Half the survivors were dead by midwinter, some of disease but most because they did not have enough food. It was of no concern to us. But then the woman in the wilderness came to change our universe forever.

When you’re older you’ll be taught the woman’s tale, and what desperation drove her into the wilderness. It’s part of your history. But to myself, out in the mountains and winter-lean, the sight of her striding through the snows in her furs was like a vision of winter’s queen herself. A gift of meat for the hungering season, life’s blood for the solstice.

I first saw the woman while I was eating her mate. He had emerged from his cabin that evening as he did every sunset, gun in hand, without looking up. I had observed him over the course of five days and his behavior never varied. On that sixth nightfall I was crouched on his roof when he came out. I let him go a few steps from the door, then leapt. I felt his neck break on impact, tore open his throat to be sure, and ripped through his parka to taste his innards. There was no sport in it, but in winter we will take game whose brains we would never eat.

My mouth was full and my muzzle pleasantly, warmly moist with blood when the woman appeared.
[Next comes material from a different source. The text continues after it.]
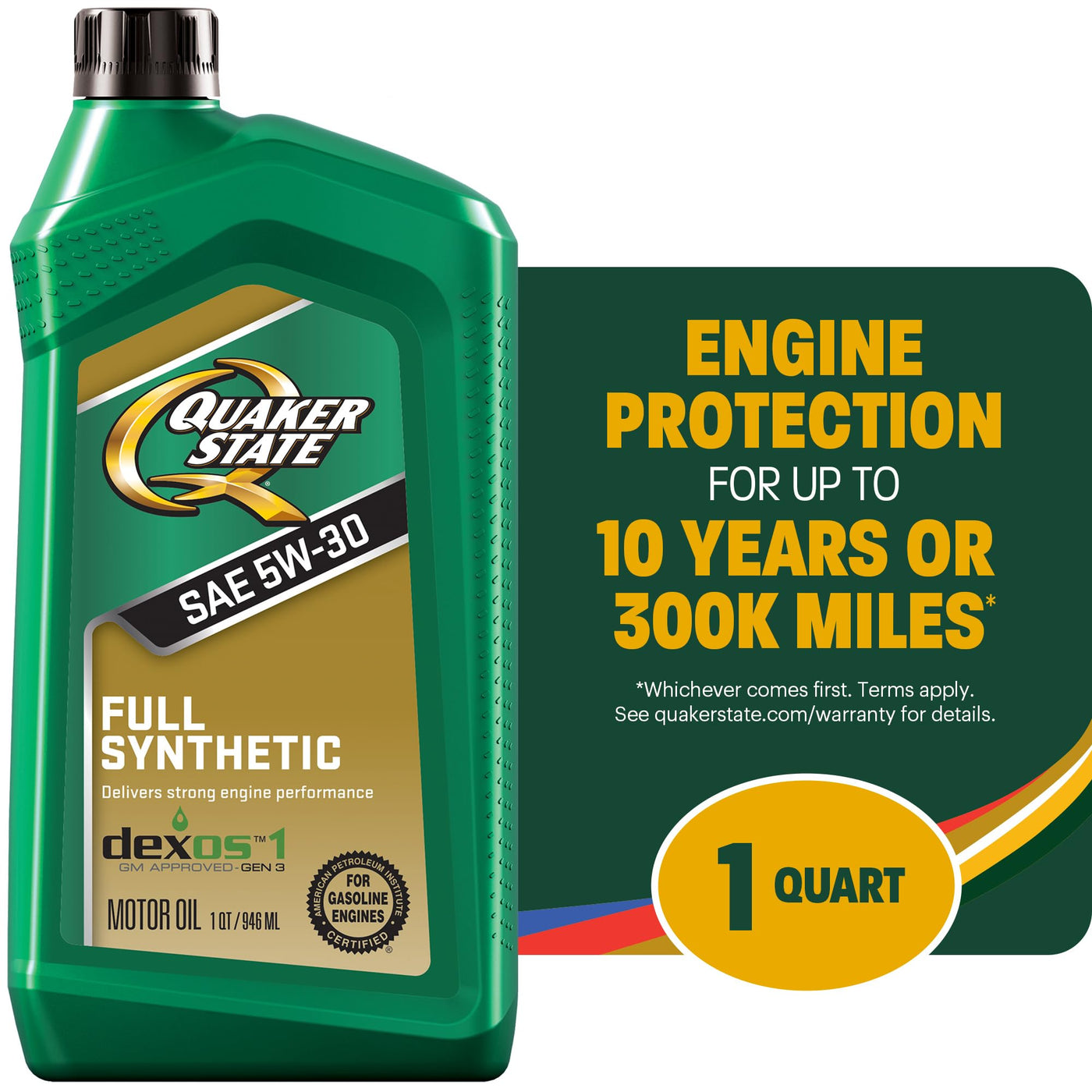 Q: What is the warranty for Quaker State Full Synthetic Motor Oil?A: Quaker State offers a warranty of up to 10 years or 300,000 miles, whichever comes first, provided you exclusively use Quaker State Full Synthetic, Synthetic, High Mileage, or conventional motor oils. Enrollment and receipt retention are required, and terms apply.

I looked up, and she was topping the rise, riding one of your incomprehensible machines, what I know now to be a snowstrider. The setting sun broke through the clouds behind her and for an instant she was embedded in glory. Her shadow stretched narrow before her and touched me, a bridge of darkness between us. We looked in one another’s eyes…

***

Magda topped the rise with a kind of grim, joyless satisfaction. I am now a hunter’s woman, she thought to herself. We will always be welcome at Landfall for the meat we bring, but they will never speak civilly to me again. Good. I would choke on their sweet talk anyway. The baby stirred and without looking down she stroked him through the furs, murmuring, “Just a little longer, my brave little boo, and we’ll be at our new home. Will you like that, eh?”

The sun broke through the clouds to her back, making the snow a red dazzle. Then her eyes adjusted, and she saw the black shape crouched over her lover’s body. A very great distance away, her hands throttled down the snowstrider and brought it to a halt. The shallow bowl of land before her was barren, the snow about the corpse black with blood. A last curl of smoke lazily separated from the hut’s chimney. The brute lifted its bloody muzzle and looked at her.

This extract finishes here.